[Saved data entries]

******

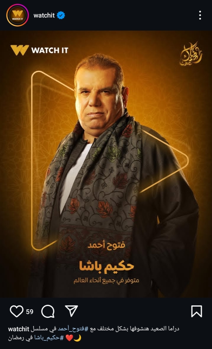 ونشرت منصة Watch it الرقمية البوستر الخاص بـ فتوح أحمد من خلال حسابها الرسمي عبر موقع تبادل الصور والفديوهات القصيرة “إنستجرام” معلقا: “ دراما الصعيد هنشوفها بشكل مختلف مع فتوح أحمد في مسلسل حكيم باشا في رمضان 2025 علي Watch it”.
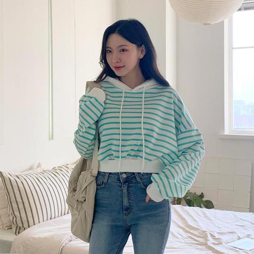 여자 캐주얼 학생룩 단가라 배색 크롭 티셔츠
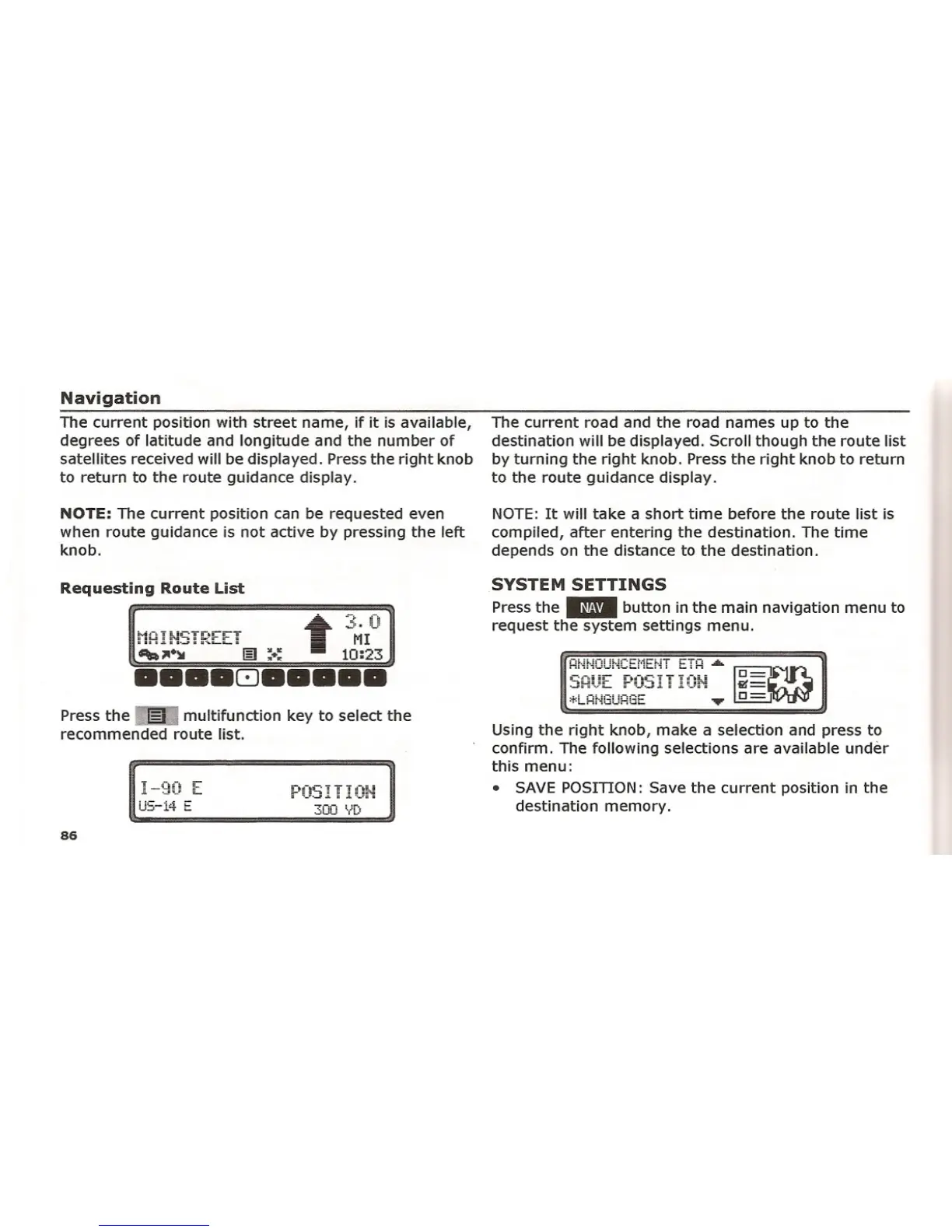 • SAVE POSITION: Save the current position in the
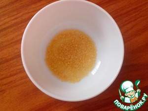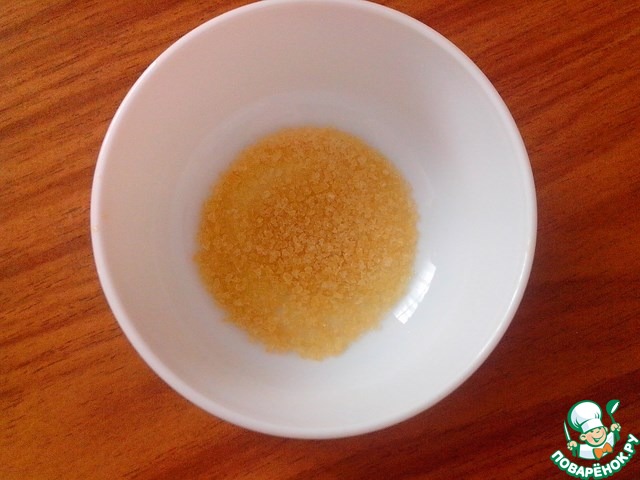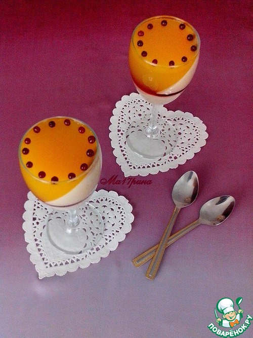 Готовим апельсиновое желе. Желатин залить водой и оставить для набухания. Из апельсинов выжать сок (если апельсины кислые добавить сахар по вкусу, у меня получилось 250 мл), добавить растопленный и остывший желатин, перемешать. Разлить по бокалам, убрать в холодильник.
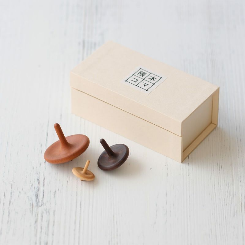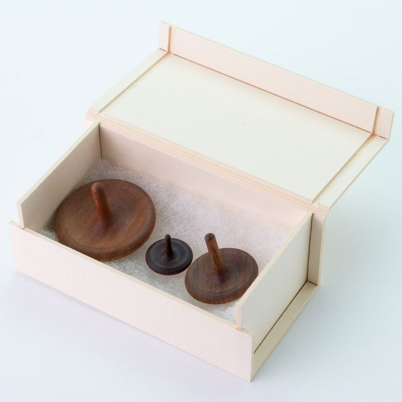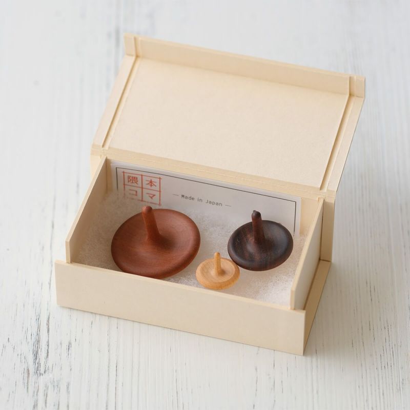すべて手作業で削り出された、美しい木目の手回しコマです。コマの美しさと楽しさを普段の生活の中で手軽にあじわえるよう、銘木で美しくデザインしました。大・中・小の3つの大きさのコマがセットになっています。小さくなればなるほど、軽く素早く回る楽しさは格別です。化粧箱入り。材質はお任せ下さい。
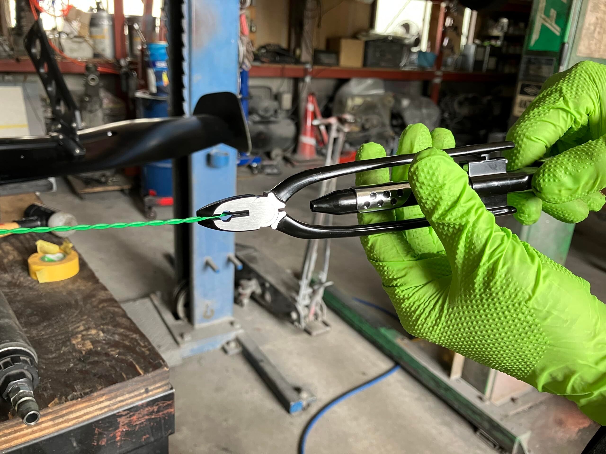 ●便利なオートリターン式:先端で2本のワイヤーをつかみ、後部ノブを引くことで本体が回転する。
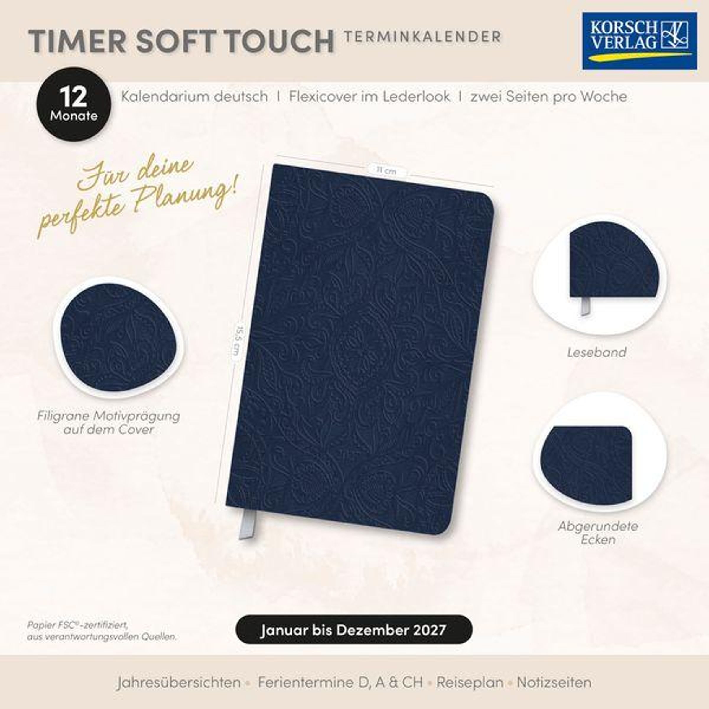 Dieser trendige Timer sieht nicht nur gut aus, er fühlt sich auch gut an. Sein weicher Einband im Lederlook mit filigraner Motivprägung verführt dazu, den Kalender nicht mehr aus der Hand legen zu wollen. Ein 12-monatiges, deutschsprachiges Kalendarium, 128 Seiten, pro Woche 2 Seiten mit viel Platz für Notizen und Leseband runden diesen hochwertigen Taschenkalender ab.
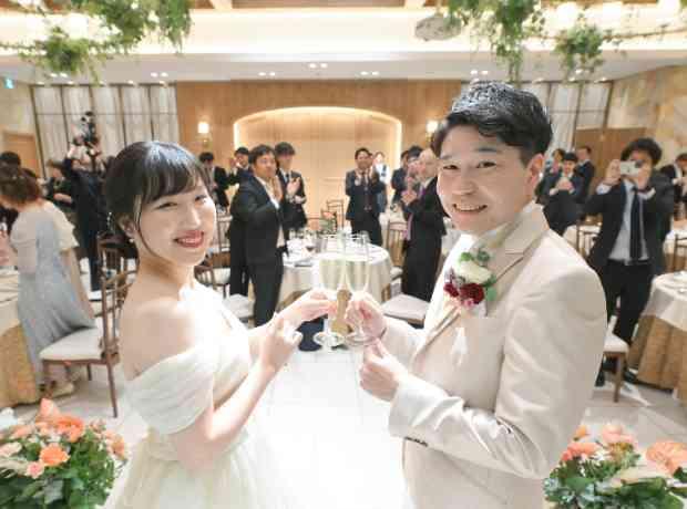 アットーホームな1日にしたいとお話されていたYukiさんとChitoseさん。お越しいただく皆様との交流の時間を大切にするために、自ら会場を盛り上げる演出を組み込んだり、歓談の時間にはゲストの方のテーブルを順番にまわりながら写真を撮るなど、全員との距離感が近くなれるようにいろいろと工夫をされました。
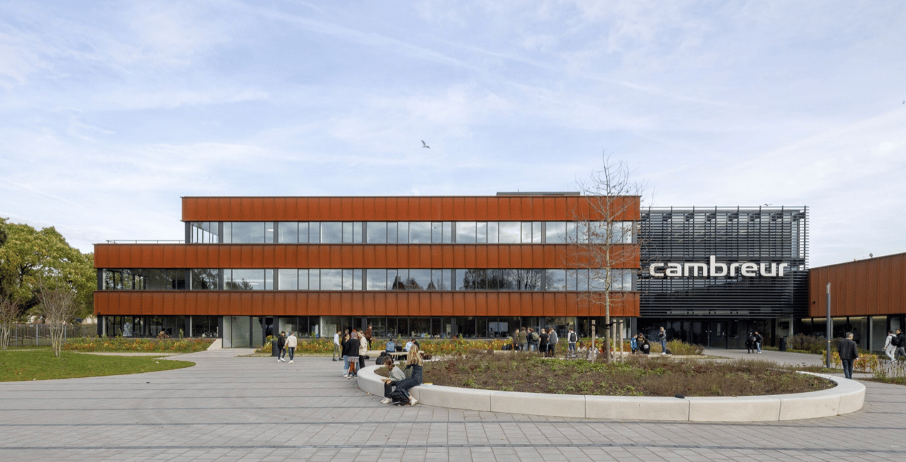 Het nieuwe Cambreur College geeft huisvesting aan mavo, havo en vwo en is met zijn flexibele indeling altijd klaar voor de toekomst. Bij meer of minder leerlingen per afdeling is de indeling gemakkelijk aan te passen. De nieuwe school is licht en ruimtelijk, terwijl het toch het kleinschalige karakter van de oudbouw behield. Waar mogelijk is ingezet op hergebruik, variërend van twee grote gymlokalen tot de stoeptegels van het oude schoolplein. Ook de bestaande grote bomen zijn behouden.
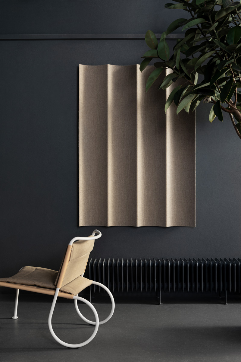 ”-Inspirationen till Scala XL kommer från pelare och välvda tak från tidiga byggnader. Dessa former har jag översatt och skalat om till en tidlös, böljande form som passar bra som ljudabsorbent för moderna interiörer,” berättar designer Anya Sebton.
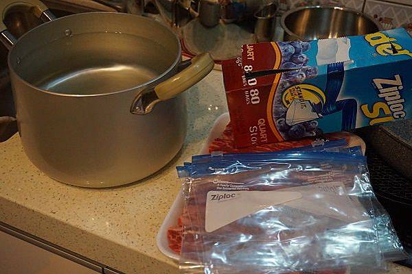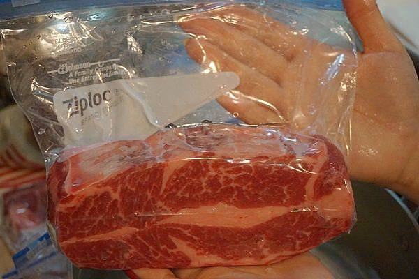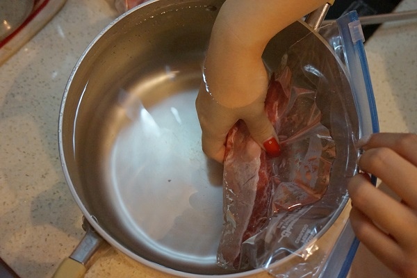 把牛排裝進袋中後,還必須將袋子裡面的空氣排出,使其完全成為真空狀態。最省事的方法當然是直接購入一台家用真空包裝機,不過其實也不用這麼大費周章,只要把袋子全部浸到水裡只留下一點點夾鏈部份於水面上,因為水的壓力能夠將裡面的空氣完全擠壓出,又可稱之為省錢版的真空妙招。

******

:: Problem description ::
Repeat the full set of records exactly, and output no pictures.

:: Expected answer ::
 ونشرت منصة Watch it الرقمية البوستر الخاص بـ فتوح أحمد من خلال حسابها الرسمي عبر موقع تبادل الصور والفديوهات القصيرة “إنستجرام” معلقا: “ دراما الصعيد هنشوفها بشكل مختلف مع فتوح أحمد في مسلسل حكيم باشا في رمضان 2025 علي Watch it”.
 여자 캐주얼 학생룩 단가라 배색 크롭 티셔츠
 • SAVE POSITION: Save the current position in the
 Готовим апельсиновое желе. Желатин залить водой и оставить для набухания. Из апельсинов выжать сок (если апельсины кислые добавить сахар по вкусу, у меня получилось 250 мл), добавить растопленный и остывший желатин, перемешать. Разлить по бокалам, убрать в холодильник.
すべて手作業で削り出された、美しい木目の手回しコマです。コマの美しさと楽しさを普段の生活の中で手軽にあじわえるよう、銘木で美しくデザインしました。大・中・小の3つの大きさのコマがセットになっています。小さくなればなるほど、軽く素早く回る楽しさは格別です。化粧箱入り。材質はお任せ下さい。
 ●便利なオートリターン式:先端で2本のワイヤーをつかみ、後部ノブを引くことで本体が回転する。
 Dieser trendige Timer sieht nicht nur gut aus, er fühlt sich auch gut an. Sein weicher Einband im Lederlook mit filigraner Motivprägung verführt dazu, den Kalender nicht mehr aus der Hand legen zu wollen. Ein 12-monatiges, deutschsprachiges Kalendarium, 128 Seiten, pro Woche 2 Seiten mit viel Platz für Notizen und Leseband runden diesen hochwertigen Taschenkalender ab.
 アットーホームな1日にしたいとお話されていたYukiさんとChitoseさん。お越しいただく皆様との交流の時間を大切にするために、自ら会場を盛り上げる演出を組み込んだり、歓談の時間にはゲストの方のテーブルを順番にまわりながら写真を撮るなど、全員との距離感が近くなれるようにいろいろと工夫をされました。
 Het nieuwe Cambreur College geeft huisvesting aan mavo, havo en vwo en is met zijn flexibele indeling altijd klaar voor de toekomst. Bij meer of minder leerlingen per afdeling is de indeling gemakkelijk aan te passen. De nieuwe school is licht en ruimtelijk, terwijl het toch het kleinschalige karakter van de oudbouw behield. Waar mogelijk is ingezet op hergebruik, variërend van twee grote gymlokalen tot de stoeptegels van het oude schoolplein. Ook de bestaande grote bomen zijn behouden.
 ”-Inspirationen till Scala XL kommer från pelare och välvda tak från tidiga byggnader. Dessa former har jag översatt och skalat om till en tidlös, böljande form som passar bra som ljudabsorbent för moderna interiörer,” berättar designer Anya Sebton.
 把牛排裝進袋中後,還必須將袋子裡面的空氣排出,使其完全成為真空狀態。最省事的方法當然是直接購入一台家用真空包裝機,不過其實也不用這麼大費周章,只要把袋子全部浸到水裡只留下一點點夾鏈部份於水面上,因為水的壓力能夠將裡面的空氣完全擠壓出,又可稱之為省錢版的真空妙招。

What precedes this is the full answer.